Pero esa voz, esa voz que parecía ascender con la bruma le causaba dolor. Fue la única vez en su vida que se encontró ante una voz que no fue capaz de identificar. ¿Era de hombre, de mujer, de niño?
Su coloratura era tan ligera y flexible que podría tratarse de una mujer. Pero no. Tenía ese aguzado e indefinible timbre de la voz masculina. Era joven, muy joven. ¿Quién se había tomado la molestia de enseñar a un simple niño como aquél? ¿Quién le había hecho partícipe de todos sus secretos?
La voz entonaba perfectamente la nota, entretejiéndose con los violines que la acompañaban, subiendo más alto que ellos, descendiendo, embelleciéndose sin esfuerzo.
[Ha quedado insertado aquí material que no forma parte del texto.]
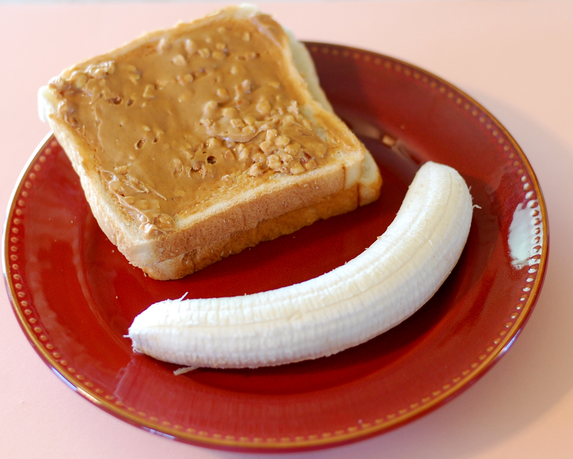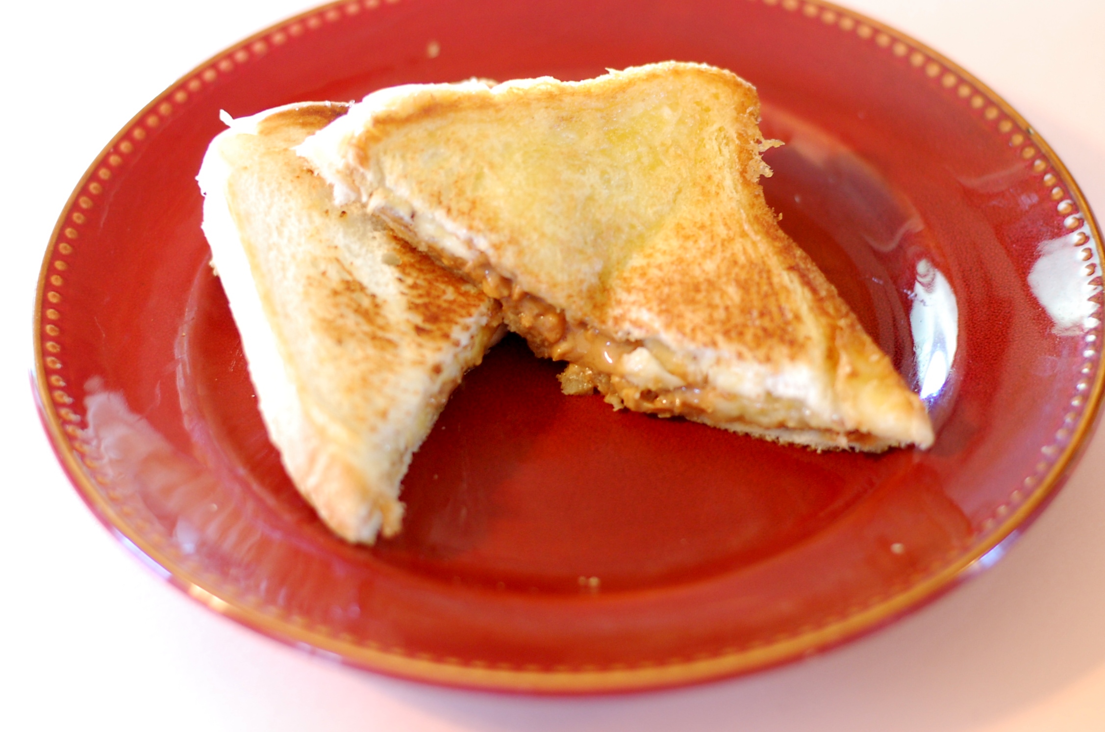 In the interests of Elvis accuracy and just plain ol’ curiosity, I decided to make an Elvis sandwich. Everybody knows this: peanut butter and banana, fried. If you decide to Google recipes, you’ll find a pretty good collection. White bread, peanut butter, banana…that we agree on. Sometimes we add honey. Sometimes we add bacon. And sometimes we add everything all at once. Nigella’s recommends mashing the bananas (not a bad idea). This one suggests Gladys Presley actually fried the bananas in bacon grease for the sandwich (but also adds blackberry and I canNOT get on board with that).
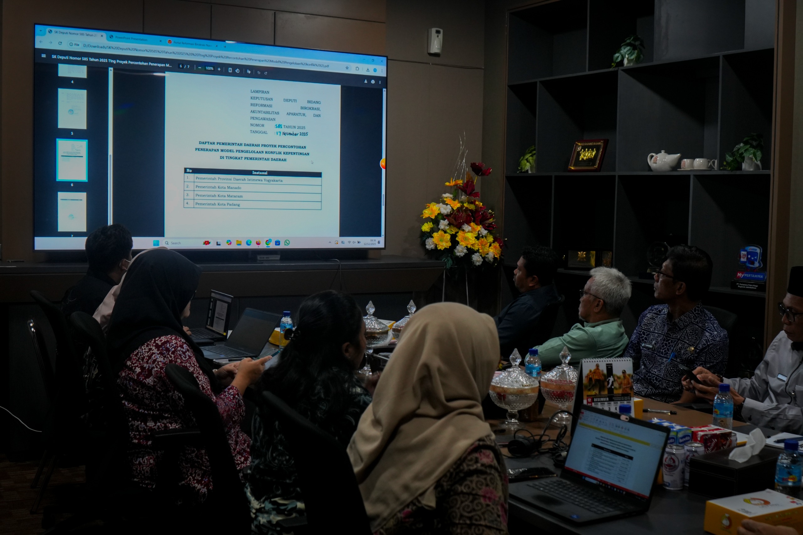 Sekda Kota Mataram, didampingi jajaran dan perangkat daerah terkait, menyampaikan apresiasi atas perhatian KemenPANRB terhadap upaya penguatan tata kelola pemerintahan di Kota Mataram. Melalui kegiatan Monev ini, diharapkan implementasi pengelolaan konflik kepentingan di lingkungan Pemkot Mataram dapat semakin optimal, terukur, dan selaras dengan standar nasional reformasi birokrasi.

No había sonido de metal en aquella voz. Sugería más la madera que el metal, se asemejaba más al sonido ligeramente oscurecido de un violin, al sonido festivo de la trompeta.
Era un castrato, ¡tenía que serlo!
Por un momento se vio dividido entre el ansia de salir a buscarla y el deseo de limitarse a escucharla. Que alguien obviamente tan joven pudiera cantar con ese sentimiento resultaba del todo imposible. Sin embargo, siguió escuchando. Aquella voz lo cautivaba, lo transportaba con su acrobática flexibilidad, matizada por tanta tristeza.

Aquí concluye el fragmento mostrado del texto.